Combustion of the fuel/air mixture does not happen all at once like an explosion does. It happens as a progressive burning of the fuel, starting from around the spark to the outermost combustion area. When the spark happens in relation to crank degrees before top dead center (°BTDC) of the piston is something that needs to vary according to engine rpm so that maximum combustion pressure of the burning fuel/air mixture happens between 15 and 20 degrees after top dead center (ATDC). That is necessary for the most power to be transmitted to the gears/sprockets/tire. As engine rpm's increase, the amount of time from the piston being at a set amount of °BTDC to being at top center decreases. But the amount of time that the fuel/air mixture needs to burn remains the same (with the exception above 7000rpm when the extra turbulence caused by the squish band shortens the time needed to burn). Going only by this aspect of combustion it would be ideal for the CDI to increase the °BTDC of the timing as the rpms increase, in a linear fashion. This is more or less true for a 4 stroke engine, but for a 2 stroke there are other factors to consider:
1. Since a 2 stroke has combustion once every crank cycle (whereas the 4 stroke combusts once every 2 cycles) then the pistons top temperature can get high enough to melt it at high engine revolutions with the timing advance equal to that of a 4 stroke engine.
2. At high rpms the delivery ratio of fuel/air becomes less and the pumping loss of engine power becomes more with increased timing avance so that it is accumulative enough to weaken engine power at high revs. "Pumping loss" refers to the power detracted from the engine because of the force needed to push the piston up to top center against the pressures of the compressed gases and the pressure caused by gas expansion due to combustion.
3. Making the ignition and combustion happen later at high rpms increases the powerband of the engine equipped with an expansion chamber because the exhaust exiting the exhaust port is still burning and is therefore hotter than it is at lower rpms. That increased exhaust temperature allows the pressure/sound wave to travel faster. A pressure wave that returns to the cylinder sooner than normal better matches when the piston upstroke happens to prevent loss of fuel/air charge out the port. That in effect it allows a wider powerband of engine power.

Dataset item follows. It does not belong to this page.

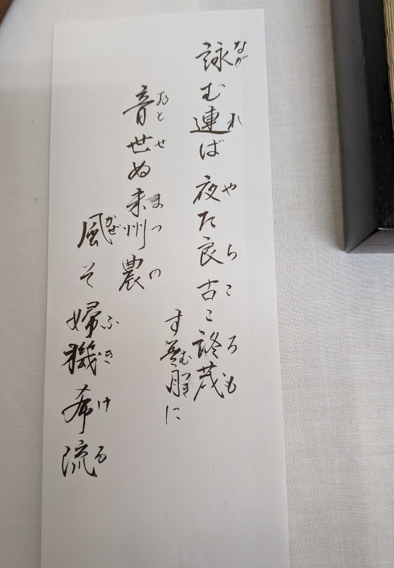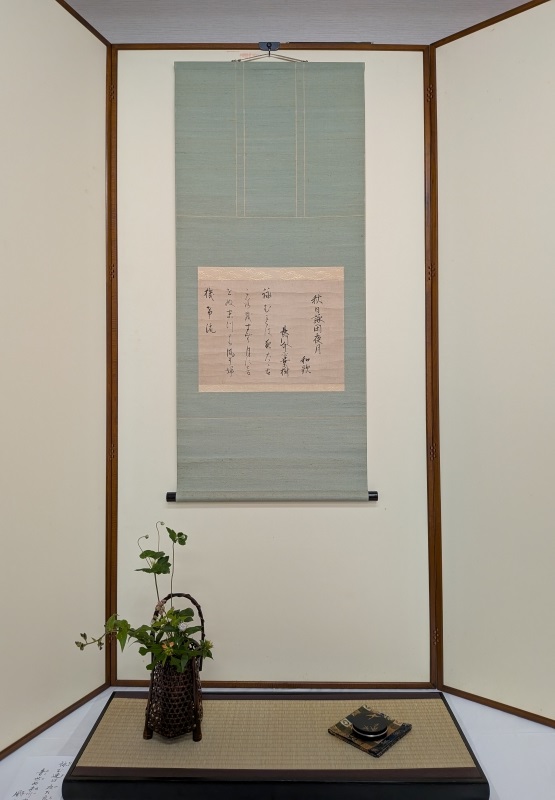 床の軸は、鳥取市生まれの歌人、長門之介平景樹の書「秋日詠閑夜月」和歌「ながむれば やたらこころも すむつきに おとせぬまつの かぜぞふきける」が掛けられました。和歌の実際は漢字まじりの表記ですので写真を参照してください。茶会の翌日6日はちょうど中秋、7日は満月にあたり、お客様と「いい月が眺められるといいですね。でも、ちょっと天気が不安ですね。」という話題になりました。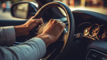 Driver navigates city streets during golden hour in a modern car capturing the essence of urban life and adventure on the road ahead

The following is from Eric Gorr's paper "Basic 2 Stroke Tuning" where he talks about advancing or retarding the whole ignition curve of an advancing/retarding CDI on a dirt bike by changing the stator position CW or CCW:

AFFECTS OF THE IGNITION TIMING

Here is how changes in the static ignition timing affects the power band of a Japanese dirt bike. Advancing the timing will make the power band hit harder in the mid range but fall flat on top end. Advancing the timing gives the flame front in the combustion chamber adequate time to travel across the chamber to form a great pressure rise. The rapid pressure rise contributes to a power band's "Hit". In some cases the pressure rise can be so great that it causes an audible pinging noise from the engine. As the engine rpm increases, the pressure in the cylinder becomes so great that pumping losses occur to the piston. That is why engines with too much spark advance or too high of a compression ratio, run flat at high rpm.

Retarding the timing will make the power band smoother in the mid-range and give more top end over rev. When the spark fires closer to TDC, the pressure rise in the cylinder isn't as great. The emphasis is on gaining more degrees of retard at high rpm. This causes a shift of the heat from the cylinder to the pipe. This can prevent the piston from melting at high rpm, but the biggest benefit is how the heat affects the tuning in the pipe. When the temperature rises, the velocity of the waves in the pipe increases. At high rpm this can cause a closer synchronization between the returning compression wave and the piston speed. This effectively extends the rpm peak [power] of the pipe.